The structure of the library information system on MINISIS is shown schematically in Figure 1. First, we used MINISIS to build a database of the library collected books and periodicals in Chinese and Western languages. Library routine such as acquisition, cataloging, circulation, retrieval etc. were then running on the basis of the database together with MINISIS and IMAGE. Thereafter, on MINISIS we constructed article titles data base of Chinese scientific and technological periodicals, basic research data base, Chinese major science and technology achievements data base, and Chinese patent database along with their retrieval systems.
The outstanding problems during the construction of these databases are data standardization and building speed. Thus, we accept data sources of standardized bibliography as much as possible, accept existing data of various special topics, and manually login data out of these two sources. For instance, for Chinese books, the UNIMARC data published by the Beijing Library is adopted, and data of ISO2709 format are transformed into MINISIS data through MINISIS-MARC interface. As to books in Western languages, CD-ROM data are taken over to undergo transmission from CD-ROM to MINISIS. Regarding PC data operation, we have successfully solved the data transmission problems between MINISIS and CDS/ISIS or DBASE PC system.

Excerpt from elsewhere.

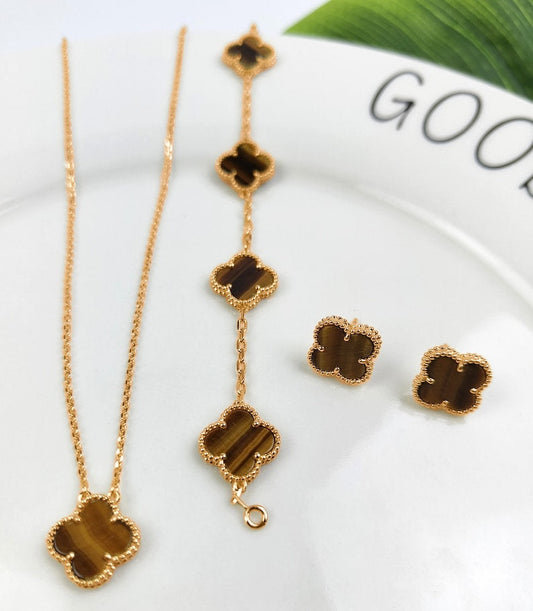 Tiger Eye Four Leaf Clover Jewelry Set 18K Gold / Silver

At present, the Chinese and Western languages bibliography database are playing important role in our library automation system; the periodical article titles data base has provided readers with retrieval service since early 1992. Particularly from project funding point of view, in February 1992, the basic research information data base became an important source of evidence or reference for researchers to consider their project applications.
Exemplified with the Chinese Major Science and Technology Achievements data base, the pro-cedure and method of data base construction through the use of MINISIS are described as follows.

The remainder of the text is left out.